The equation of circle A is:

(x - h)² + (y - k)² = r²

or, (x + 4)² + (y - 5)² = 10²

or, x² + 2.x.4 + 4² + y² - 2.y.5 + 5² = 100

or, x² + y² + 8x - 10y + 16 + 25 - 100 = 0

∴ x² + y² + 8x - 10y - 59 = 0

By using vector method, prove that the quadrilateral formed by joining the midpoints of adjacent sides of a quadrilateral is a parallelogram.

✎ Given:

ABCD is a quadrilateral. The midpoints of sides AB, BC, CD, DA are P, Q, R, S respectively.

To prove: PQRS is a parallelogram.

Construction: Join A and C.

Proof:

Statements	Reasons
1. PQ = 1/2 AC and PQ // AC	1. In △ABC, the line segment joining the midpoint of two sides of triangle is half of third side and parallel to third side.
2. SR = 1/2 AC and SR // AC	2. In △ADC, the line segment joining the midpoint of two sides of triangle is half of third side and parallel to third side.
3. PQ = SR and PQ // SR	3. From statements (1) and (2).
4. PQRS is a parallelogram	4. From statement (3), being opposite side of quadrilateral equal and parallel.

Proved

The image of the triangle A is A' and image of A' is A'' in the given graph.
1. a) By what transformation the image of the triangle A is A'? Write with reason.
2. b) By what transformation the image of the triangle A' is A''? Write with reason.
3. c) Write the name of transformation which denotes the combined transformation of the above two transformations? Write with reason.
✎ The vertices of triangle A are: (1, 0), (5, 1) and (5, 4).

The vertices of triangle A' are: (-1, 0), (-5, -1) and (-5, -4).

The vertices of triangle A'' are: (0, 1), (1, 5) and (4, 5).

a) When triangle A is transformed into A':
- (1, 0) → (-1, 0)
- (5, 1) → (-5, -1)
- (5, 4) → (-5, -4)
The transformation of triangle A into triangle A' is the rotation through 180° about origin because it follows the rule of the rotation through 180° about origin i.e., (x, y) → (-x, -y).

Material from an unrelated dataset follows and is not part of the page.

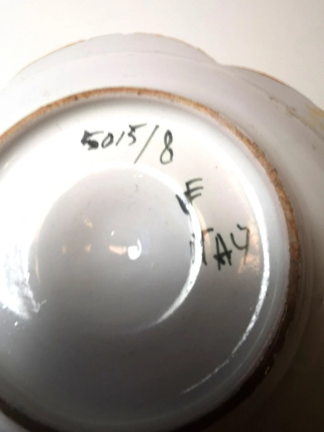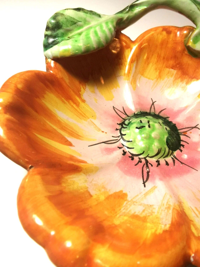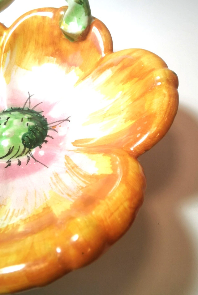 This vintage candy dish is handmade and hand-painted in Italy, featuring a beautiful floral pattern in multicolor. The round ceramic dish has a glossy finish and is a unique piece of art pottery from the 1970s. It is signed by the artisan and exudes a charming, rustic appeal perfect for adding a touch of Italian flair to any decor. Dimensions: Diameter 6 inches, Height 1.75 inches NOTE: Vintage item with light wear hairline crack on bottom, please reference photos

b) When triangle A' is transformed into A'':
- (-1, 0) → (0, 1)
- (-5, -1) → (1, 5)
- (-5, -4) → (4, 5)
The transformation of triangle A' into triangle A'' is the reflection on y = -x because it follows the rule of the reflection on y = -x i.e., (x, y) → (-y, -x).

c) When triangle A is transformed into A'' (combined transformation):
- (1, 0) → (0, 1)
- (5, 1) → (1, 5)
- (5, 4) → (4, 5)
The combined transformation is the reflection on y = x because it follows the rule of the reflection on y = x i.e., (x, y) → (y, x).

THE END